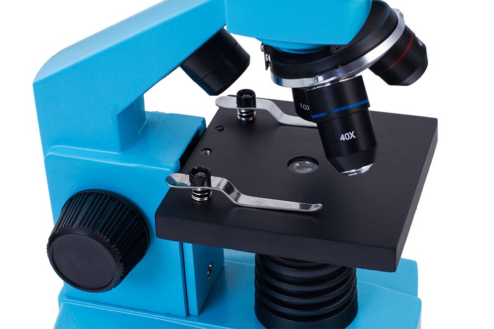 Микроскоп комплектуется тремя объективами 4х, 10х и 40х и широкопольным окуляром WF16х. Предметный столик оснащен зажимами для надежной фиксации препарата.
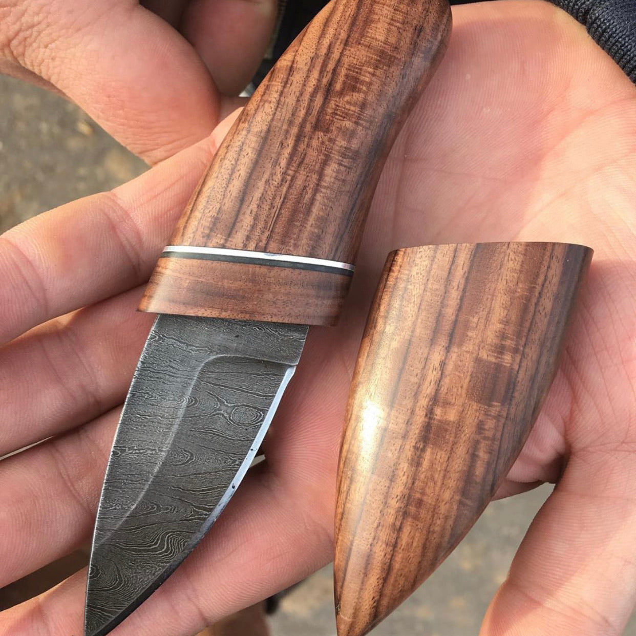 Damascus Bushcraft Camping Knife with Rosewood Handle - 9-Inch Overall Length - Includes Leather Sheath - Available at KBS Knives Store
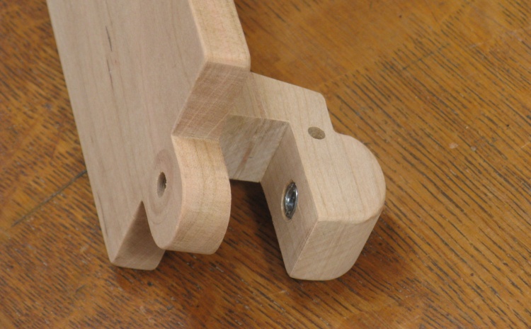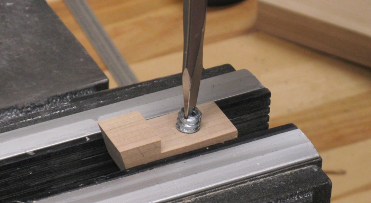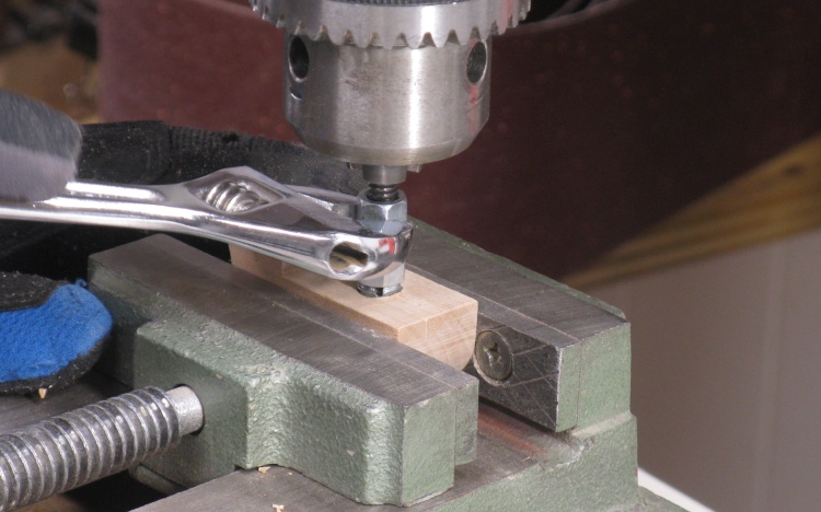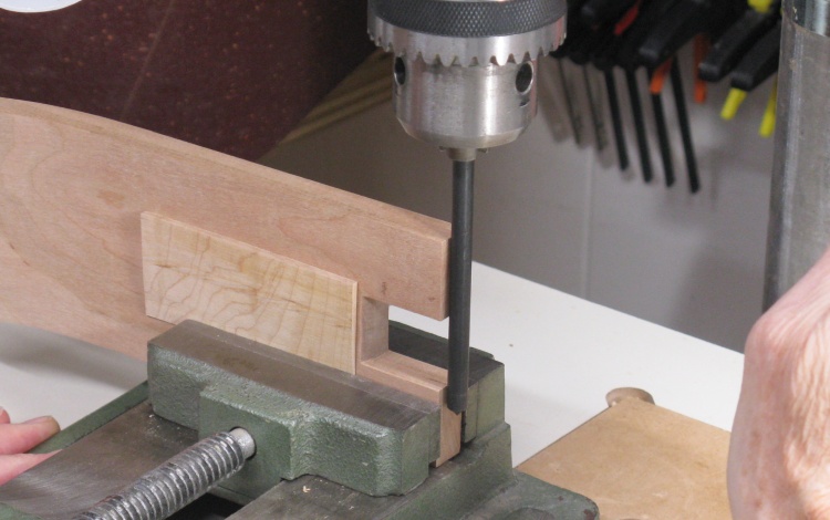 The moveable jaw will hinge on a 3/16"-diameter steel pin. I would need to drill for the pin but there isn't much leeway going through 3" of 1/2"-thick wood. So I spent a while making sure the wood was exactly in line with the drill bit - that thin wedge helps in one dimension.

--------

§ **TASK BRIEF**
Output exactly the lines from the one that has "Damascus Bushcraft Camping" through the end of the data. Do not include pictures.

§ **SOLUTION FOR THIS PROBLEM**
 Damascus Bushcraft Camping Knife with Rosewood Handle - 9-Inch Overall Length - Includes Leather Sheath - Available at KBS Knives Store
 The moveable jaw will hinge on a 3/16"-diameter steel pin. I would need to drill for the pin but there isn't much leeway going through 3" of 1/2"-thick wood. So I spent a while making sure the wood was exactly in line with the drill bit - that thin wedge helps in one dimension.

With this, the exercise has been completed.